=== Section Start ===
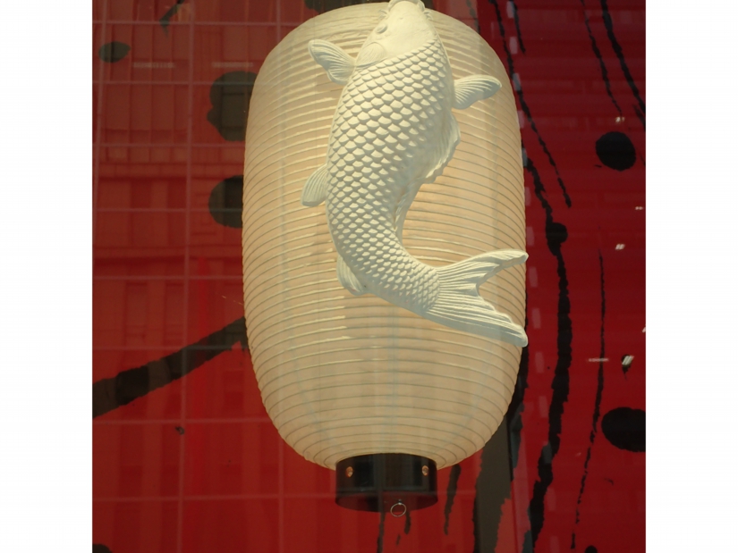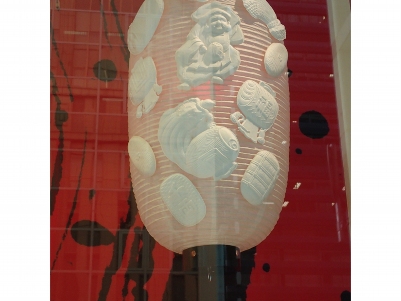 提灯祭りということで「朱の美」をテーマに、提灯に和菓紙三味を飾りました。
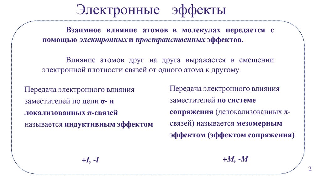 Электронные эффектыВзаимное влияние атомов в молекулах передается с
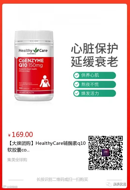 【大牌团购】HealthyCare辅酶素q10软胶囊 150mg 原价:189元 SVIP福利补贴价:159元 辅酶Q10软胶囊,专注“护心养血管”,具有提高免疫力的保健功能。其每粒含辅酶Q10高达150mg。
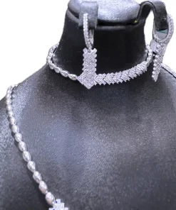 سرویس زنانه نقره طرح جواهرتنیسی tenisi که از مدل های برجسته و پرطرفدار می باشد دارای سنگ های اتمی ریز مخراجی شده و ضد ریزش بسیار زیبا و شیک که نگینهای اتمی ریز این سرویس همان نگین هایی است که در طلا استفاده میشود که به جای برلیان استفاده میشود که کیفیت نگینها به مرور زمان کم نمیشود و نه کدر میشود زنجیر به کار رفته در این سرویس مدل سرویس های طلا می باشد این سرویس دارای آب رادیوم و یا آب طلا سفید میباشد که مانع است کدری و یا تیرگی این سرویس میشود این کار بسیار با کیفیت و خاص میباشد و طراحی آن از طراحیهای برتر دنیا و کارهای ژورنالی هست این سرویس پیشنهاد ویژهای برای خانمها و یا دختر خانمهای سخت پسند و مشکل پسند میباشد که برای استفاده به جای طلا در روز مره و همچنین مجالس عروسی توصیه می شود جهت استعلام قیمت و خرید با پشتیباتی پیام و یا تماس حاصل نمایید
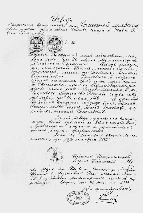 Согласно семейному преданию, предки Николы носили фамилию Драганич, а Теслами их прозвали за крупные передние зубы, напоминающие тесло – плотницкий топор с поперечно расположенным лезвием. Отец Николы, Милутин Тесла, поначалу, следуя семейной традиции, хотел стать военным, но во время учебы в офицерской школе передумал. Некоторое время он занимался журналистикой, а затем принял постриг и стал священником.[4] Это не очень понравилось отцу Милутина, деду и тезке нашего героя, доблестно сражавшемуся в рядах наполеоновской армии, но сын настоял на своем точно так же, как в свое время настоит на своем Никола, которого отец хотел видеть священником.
=== Section End ===
=== Section Start ===
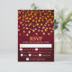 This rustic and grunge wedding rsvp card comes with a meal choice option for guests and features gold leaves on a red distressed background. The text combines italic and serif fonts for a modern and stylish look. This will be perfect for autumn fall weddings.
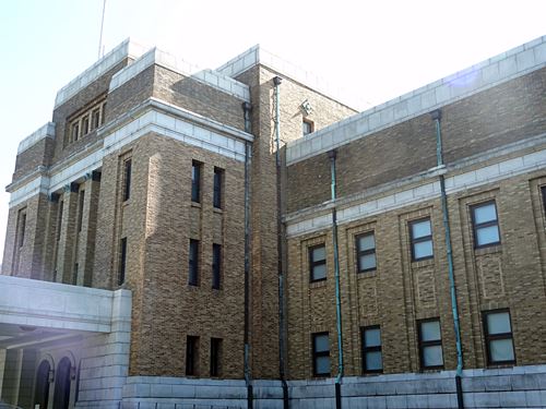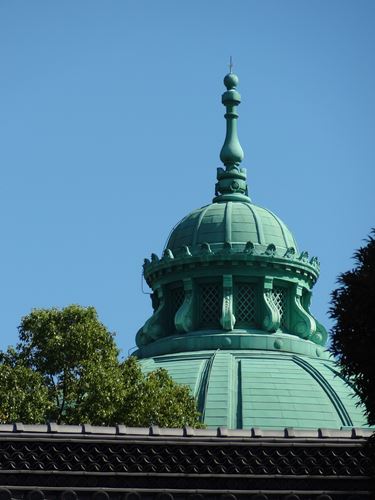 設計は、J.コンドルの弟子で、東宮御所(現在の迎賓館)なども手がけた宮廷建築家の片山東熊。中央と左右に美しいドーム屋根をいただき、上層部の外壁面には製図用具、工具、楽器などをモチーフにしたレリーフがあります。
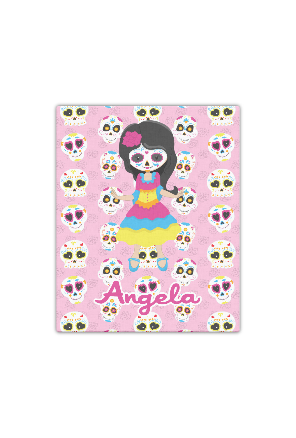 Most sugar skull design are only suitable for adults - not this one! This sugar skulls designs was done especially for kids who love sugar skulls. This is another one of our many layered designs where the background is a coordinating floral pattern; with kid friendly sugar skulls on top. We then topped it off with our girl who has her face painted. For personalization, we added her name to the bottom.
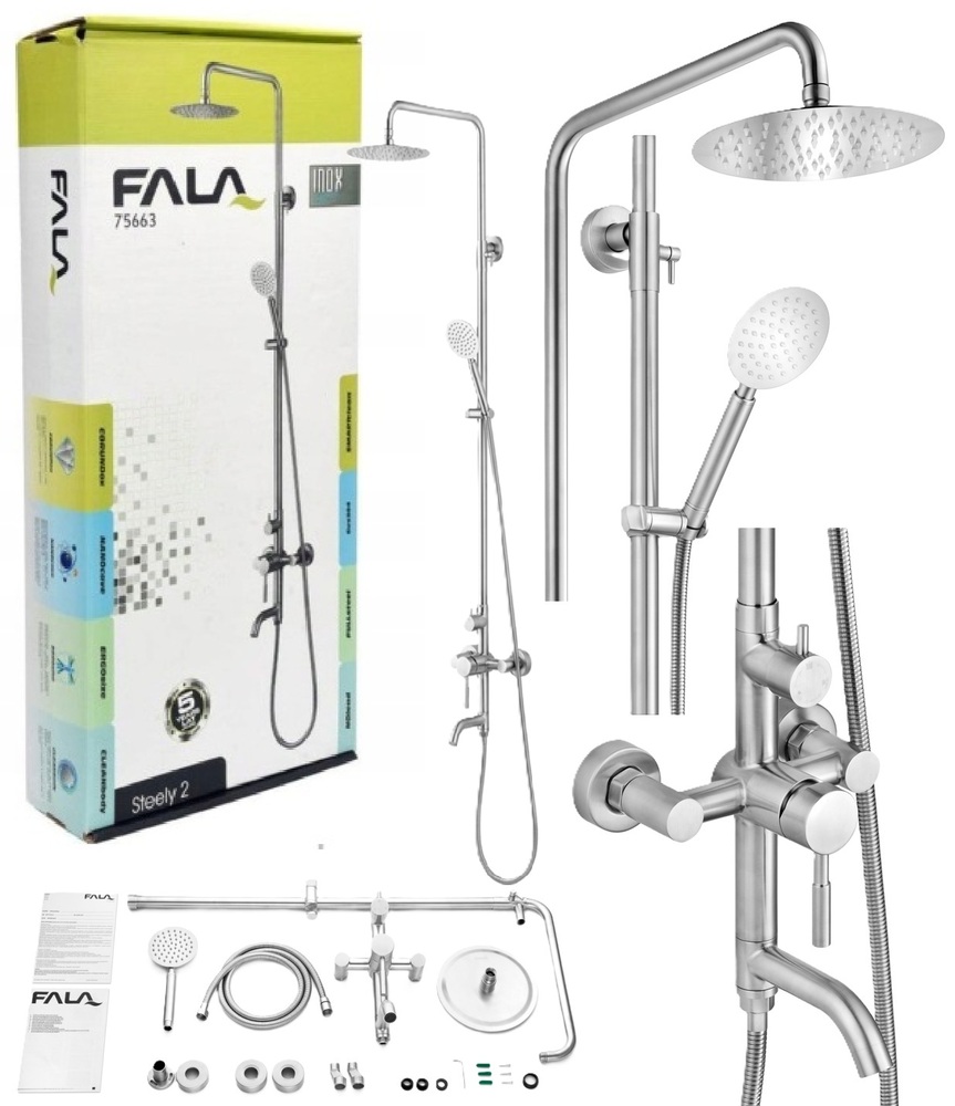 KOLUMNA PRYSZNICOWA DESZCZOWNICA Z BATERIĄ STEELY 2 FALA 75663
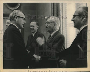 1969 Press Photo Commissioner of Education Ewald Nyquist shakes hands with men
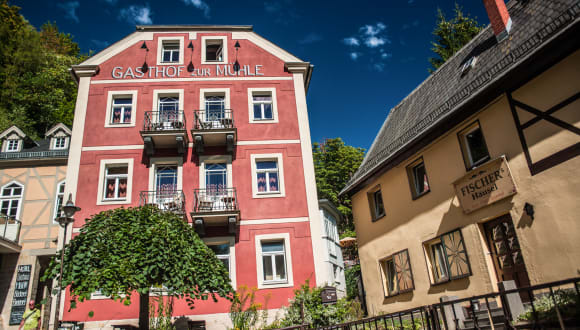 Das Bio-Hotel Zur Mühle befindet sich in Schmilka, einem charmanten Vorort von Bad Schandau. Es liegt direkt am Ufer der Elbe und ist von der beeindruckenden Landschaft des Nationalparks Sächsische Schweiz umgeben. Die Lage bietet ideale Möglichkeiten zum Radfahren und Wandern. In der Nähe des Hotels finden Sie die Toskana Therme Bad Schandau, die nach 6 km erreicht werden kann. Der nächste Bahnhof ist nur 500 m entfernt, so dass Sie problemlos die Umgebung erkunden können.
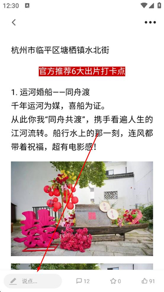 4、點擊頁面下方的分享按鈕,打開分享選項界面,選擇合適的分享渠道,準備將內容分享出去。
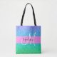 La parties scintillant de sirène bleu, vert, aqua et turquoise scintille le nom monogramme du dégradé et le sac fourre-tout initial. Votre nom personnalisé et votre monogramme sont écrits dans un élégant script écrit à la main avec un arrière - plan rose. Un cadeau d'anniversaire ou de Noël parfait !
=== Section End ===
[Instructions for the task]: Copy everything above from the line holding "提灯祭りということで「朱の美」をテーマに、提灯に和菓紙三味を飾りました。" down to the line holding "150mg 原价:189元 SVIP福利补贴价:159元", both ends included, exactly as it stands and without the pictures.

[Solution to this task]:
 提灯祭りということで「朱の美」をテーマに、提灯に和菓紙三味を飾りました。
 Электронные эффектыВзаимное влияние атомов в молекулах передается с
 【大牌团购】HealthyCare辅酶素q10软胶囊 150mg 原价:189元 SVIP福利补贴价:159元 辅酶Q10软胶囊,专注“护心养血管”,具有提高免疫力的保健功能。其每粒含辅酶Q10高达150mg。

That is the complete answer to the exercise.